Excitonic valley effects in monolayer WS$_2$ under high magnetic fields

TL;DR

This study explores how high magnetic fields influence valley polarization and excitonic properties in monolayer WS$_2$, revealing insights into quasiparticle behavior and valley splitting in 2D semiconductors.

Contribution

It provides experimental evidence of valley degeneracy lifting and g factor determination for excitons and trions in monolayer WS$_2$ under high magnetic fields.

Findings

Valley degeneracy is lifted for all optical features.

Diamagnetic shifts reveal quasiparticle size.

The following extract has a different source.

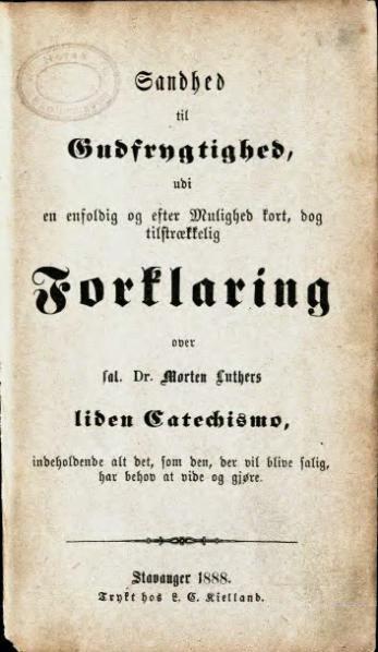 Bibelen var lære- og lesebok, og også Martin Luthers Lille Katekisme, som kom på tysk allerede i 1529. Dette er Erik Pontoppidans forklaring av Luthers lille katekisme, skrevet i 1739 til hjelp i konfirmasjonsundervisningen. Dette eksemplaret er fra 1888. Denne skulle i mange år pugges utenat.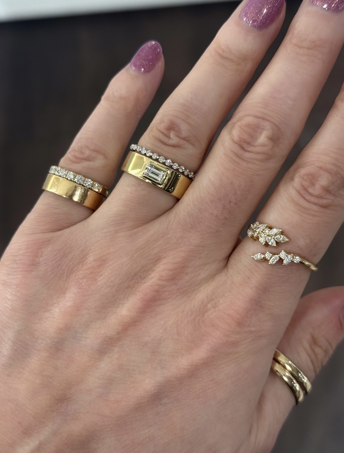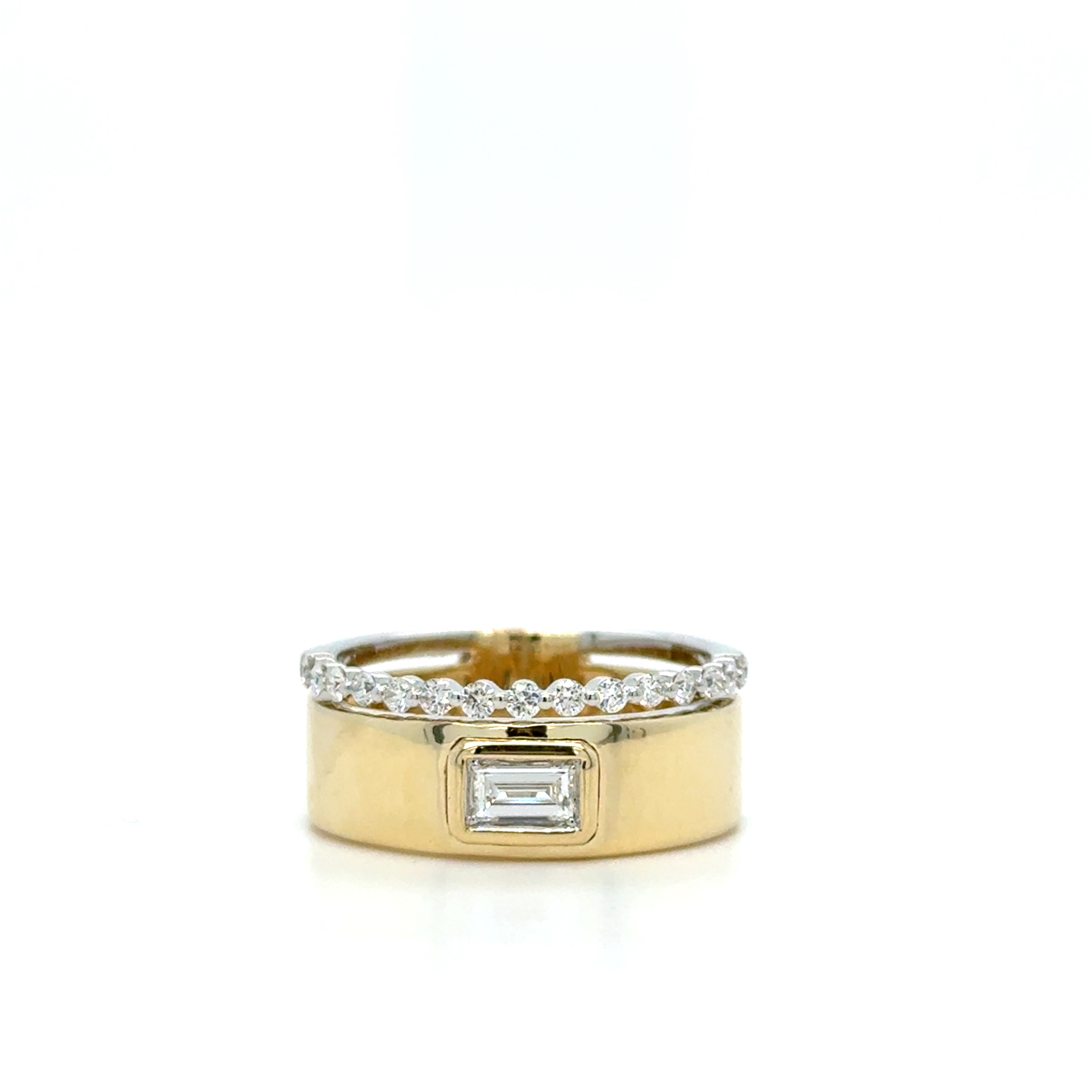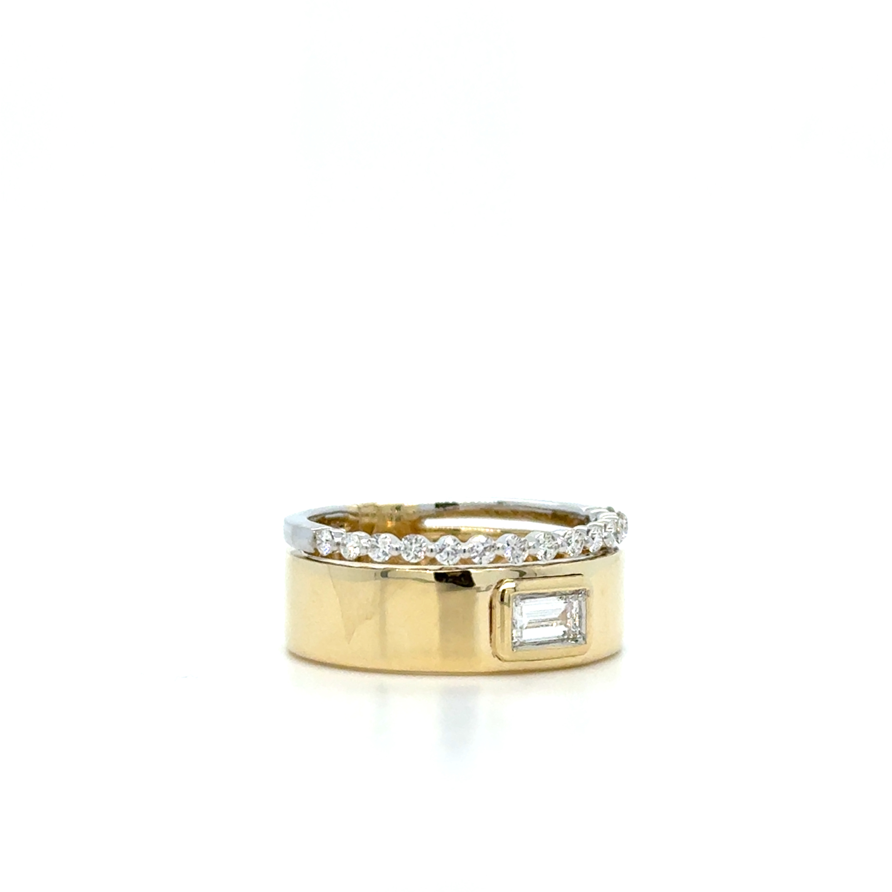 14KY&W GOLD TWO-ROW CHUNKY GOLD BAND FEATURING BEZEL SET BAGUETTE DIAMOND & DIAMOND BAND

Valley polarization effects match theoretical predictions.

Abstract

Transition-metal dichalcogenides can be easily produced as atomically thin sheets, exhibiting the possibility to optically polarize and read out the valley pseudospin of extremely stable excitonic quasiparticles present in these 2D semiconductors. Here, we investigate a monolayer of tungsten disulphide in high magnetic fields up to 30\,T via photoluminescence spectroscopy at low temperatures. The valley degeneracy is lifted for all optical features, particularly for excitons, singlet and triplet trions, for which we determine the g factor separately. While the observation of a diamagnetic shift of the exciton and trion resonances gives us insight into the real-space extension of these quasiparticles, magnetic field induced valley polarization effects shed light onto the exciton and trion dispersion relations in reciprocal space. The field dependence of the trion valley polarizations is in line with the predicted trion splitting into singlet and triplet configurations.